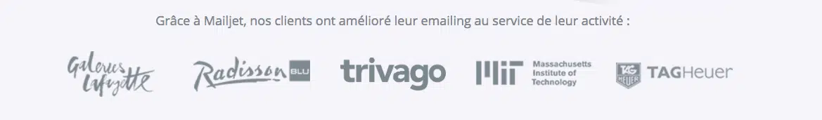 Vous ne devez pas abuser des couleurs, ne pas trop surcharger votre page de textes (surtout dans la zone au-dessus de la ligne de flottaison), harmoniser la police d’écriture, choisir des messages clairs et allant droit au but. Mettez bien en avant vos call-to-actions (CTA), et surtout votre CTA principal. En clair, le CTA principal doit ressortir par rapport aux autres CTA, et les autres CTA doivent ressortir par rapport aux autres éléments de page. Ceux de Mailjet ressortent très bien, grâce à leur centrage, leur taille importante et la couleur jaune qui se détachent bien de l’arrière plan gris-clair. Le fond jaune utilisé pour le CTA principal permet de bien le faire ressortir par rapport aux autres CTA. Juste en-dessous de l’avion, Mailjet affiche dans un bandeau quelques uns de ses gros clients pour rassurer les internautes et potentiels nouveaux clients. C’est un élément de réassurance qui joue un rôle dans la conversion non négligeable (même si c’est difficile à mesurer) :
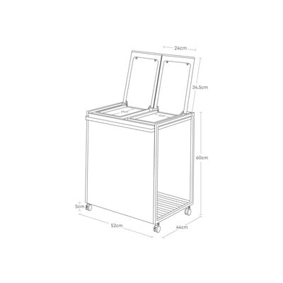 Coșul de gunoi din două părți este un ajutor practic în sortarea deșeurilor. Este dotat cu roți pentru o manevrare ușoară. Structura metalică are capace rabatabile din plastic, ramă pentru agățarea a doi saci și o secțiune acoperită în față, pentru a păstra deșeurile ascunse. Poți utiliza raftul inferior pentru a depozita sacii de rezervă și pentru a-i ține la îndemână.
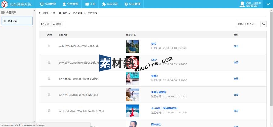 1、 后台会员系统:会员列表、会员基本信息,积分明细、余额明细、购物记录、收货地址(在系统设置的频道管理可以开启此功能)
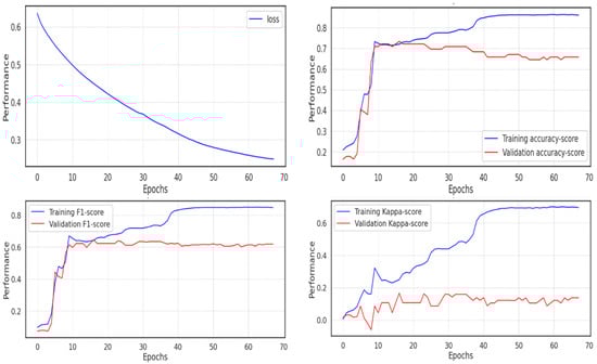 Using the unprocessed data, the first experiment was run (not the extracted features with UMAP). Due to the implementation of the Adam optimizer, which ends training once the network approaches the local minimum and leaves no room for improvement, fewer than 70 of the 100 epochs of the model’s training were completed. The cross-entropy loss decreased and almost reached 0.2, but the validation score performed poorly in comparison to the training score, passing 0.8 in accuracy and F1 score, whereas the validation score remained around 0.6, and the Cohen Kappa score did not even pass 0.1 in the validation set, due to the imbalance in the class distribution, as shown in
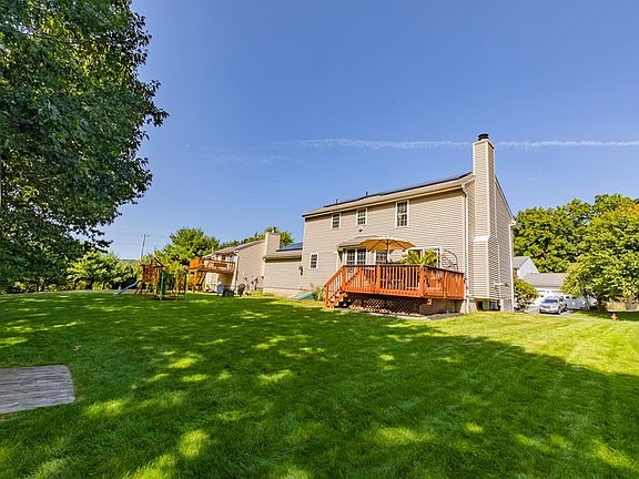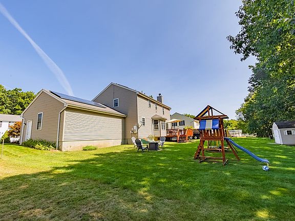 YOUNG COLONIAL IN CUL-DE-SAC NEIGHBORHOOD OF WELL MAINTAINED HOMES! Open concept floor plan with welcoming 2 story foyer & abundant natural light. Front-to-back LR with pellet stove. Eat-in kitchen with neutral finishes, island, recent appliances & pantry. The Study could be a perfect dedicated office or playroom! Master suite with vaulted ceiling, walk-in closet, master bath. 2 more sizable BRs + 2nd full bath! Well lit, unfinished basement with workbench & laundry area. (Future bonus room??) 2 car garage with storage! Situated on grassy, level lot with custom storage shed. Low maintenance vinyl windows & siding. Recent ('17) water heater. High marks for energy efficiency---Leased solar panels! Economical gas furnace with central AC! Surrounded by nature, this West Side neighborhood with hilltop views is one of Worcester's best kept secrets! Nearby access to Tatnuck Square, shopping, conservation land & amenities! First open house on Saturday 10/15 12:30- 2pm.
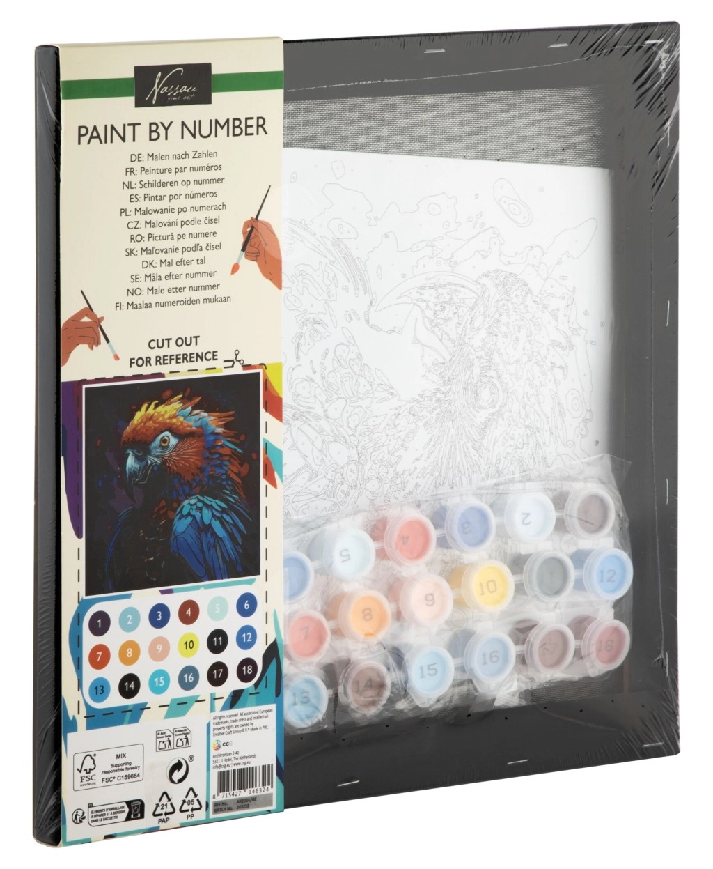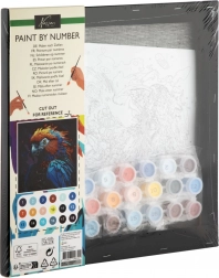 Opdag magien ved maleri efter tal, og forvandl det fortrykte papegøjemotiv på sort baggrund til et iøjnefaldende billede med strålende farver. De nummererede felter svarer til farverne i sættet, så maleriet er intuitivt selv for begyndere. Det sorte lærred giver motivet dybde og et moderne udtryk.
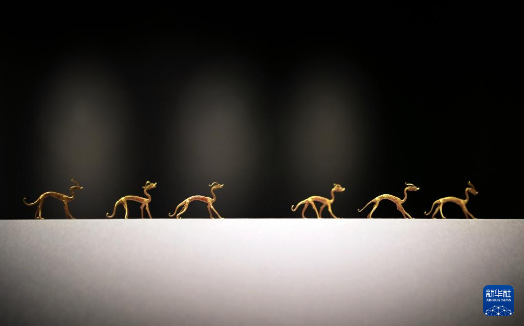 这是在陕西历史博物馆“大唐遗宝——何家村窖藏出土文物展”上拍摄的赤金走龙(2022年5月18日摄)。
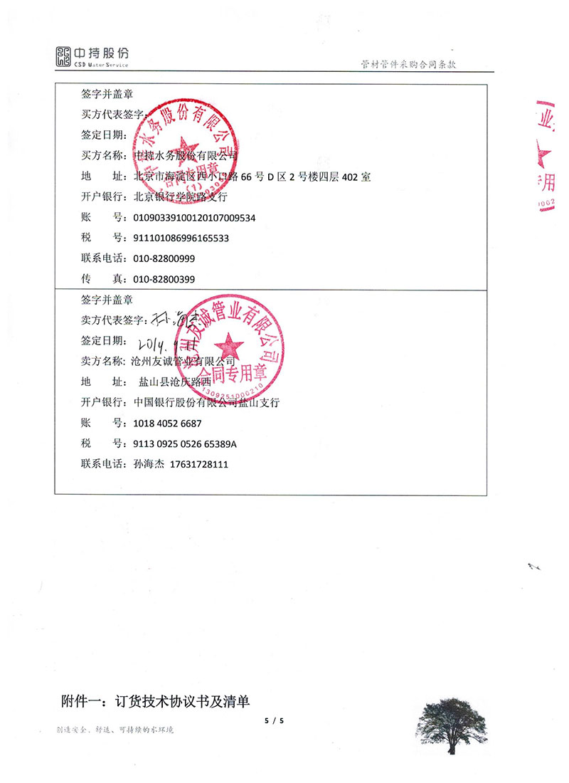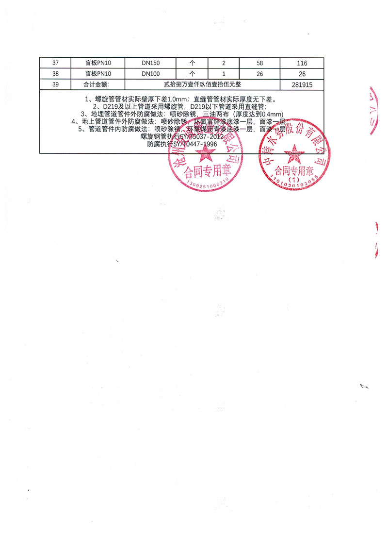 2019年9月份,友誠(chéng)管業(yè)與中持水務(wù)股份有限公司(上市公司),簽訂了原陽(yáng)縣污水處理廠項(xiàng)目的防腐螺旋鋼管合同,非常感謝貴公司對(duì)我們的信任,我們也一如即讓的做好每一支鋼管
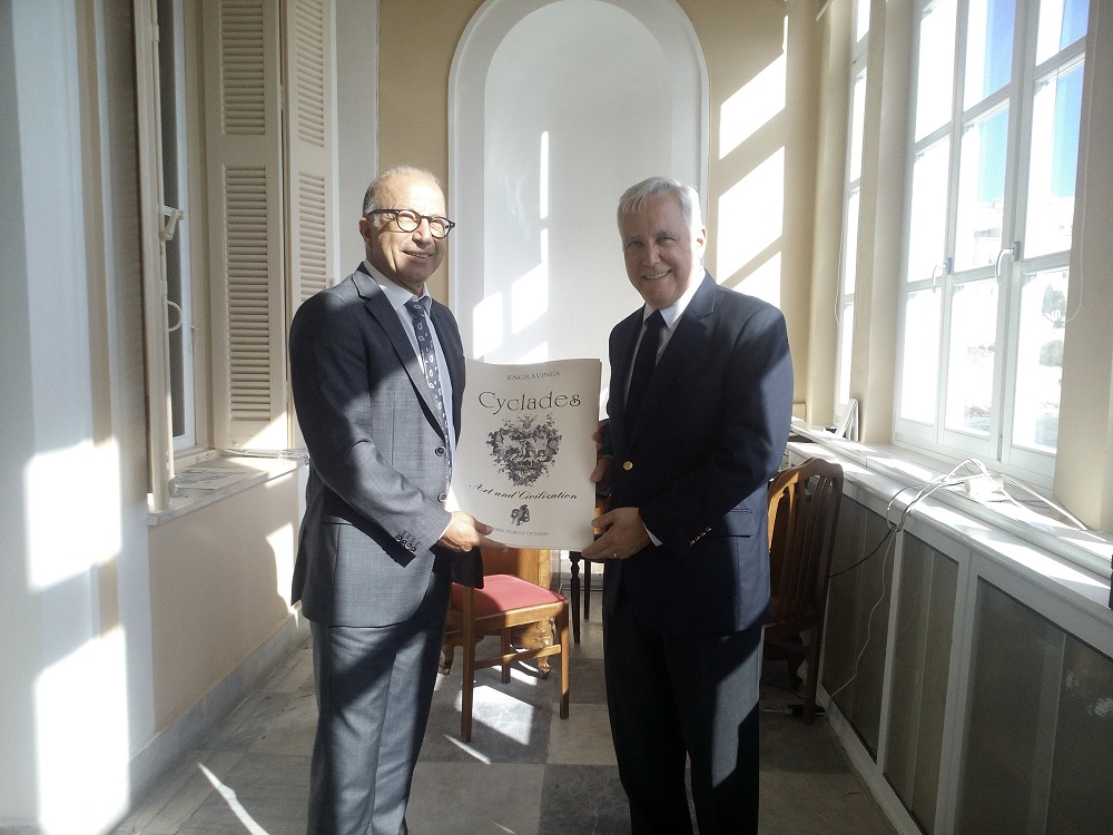 Στη συνάντηση ήταν παρών και ο Αντιπεριφερειάρχης Νοτίου Αιγαίου, κ. Γεώργιος Λεονταρίτης, ο οποίος συνόδευσε τον κ. Πρέσβη και τα στελέχη της Αμερικανικής Πρεσβείας από την έδρα της Περιφέρειας Νοτίου Αιγαίου, στην οποία είχε προηγηθεί ανάλογη συνάντηση.
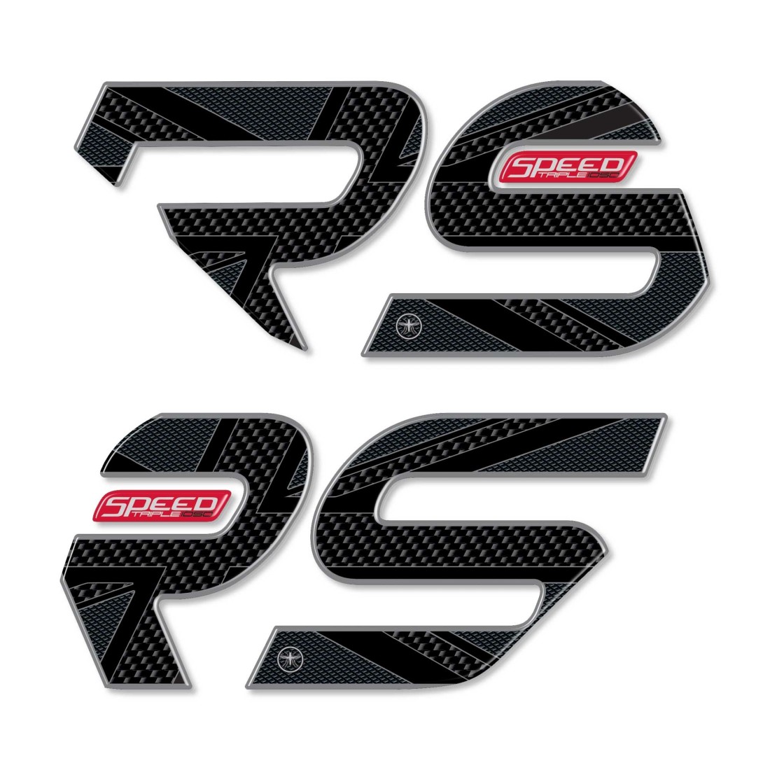 Resin adhesive protectors for Triumph Speed Triple 1050 RS motor bike side tank area. Two pairs of Triumph 3D Resin Gel Stickers Exclusive - Labelbike®. Tank side stickers MADE IN ITALY made in resin with 3D effect. Yellow or Red graphics with Carbon Look base and lettering Speed Triple 1050.

┄┄┄┄┄┄┄┄┄┄┄┄┄┄┄┄┄┄┄┄

Repeat, line for line and exactly, the material from its first line through the line that contains "1、 后台会员系统:会员列表", both ends included; no pictures belong in the copy.

 Vous ne devez pas abuser des couleurs, ne pas trop surcharger votre page de textes (surtout dans la zone au-dessus de la ligne de flottaison), harmoniser la police d’écriture, choisir des messages clairs et allant droit au but. Mettez bien en avant vos call-to-actions (CTA), et surtout votre CTA principal. En clair, le CTA principal doit ressortir par rapport aux autres CTA, et les autres CTA doivent ressortir par rapport aux autres éléments de page. Ceux de Mailjet ressortent très bien, grâce à leur centrage, leur taille importante et la couleur jaune qui se détachent bien de l’arrière plan gris-clair. Le fond jaune utilisé pour le CTA principal permet de bien le faire ressortir par rapport aux autres CTA. Juste en-dessous de l’avion, Mailjet affiche dans un bandeau quelques uns de ses gros clients pour rassurer les internautes et potentiels nouveaux clients. C’est un élément de réassurance qui joue un rôle dans la conversion non négligeable (même si c’est difficile à mesurer) :
 Coșul de gunoi din două părți este un ajutor practic în sortarea deșeurilor. Este dotat cu roți pentru o manevrare ușoară. Structura metalică are capace rabatabile din plastic, ramă pentru agățarea a doi saci și o secțiune acoperită în față, pentru a păstra deșeurile ascunse. Poți utiliza raftul inferior pentru a depozita sacii de rezervă și pentru a-i ține la îndemână.
 1、 后台会员系统:会员列表、会员基本信息,积分明细、余额明细、购物记录、收货地址(在系统设置的频道管理可以开启此功能)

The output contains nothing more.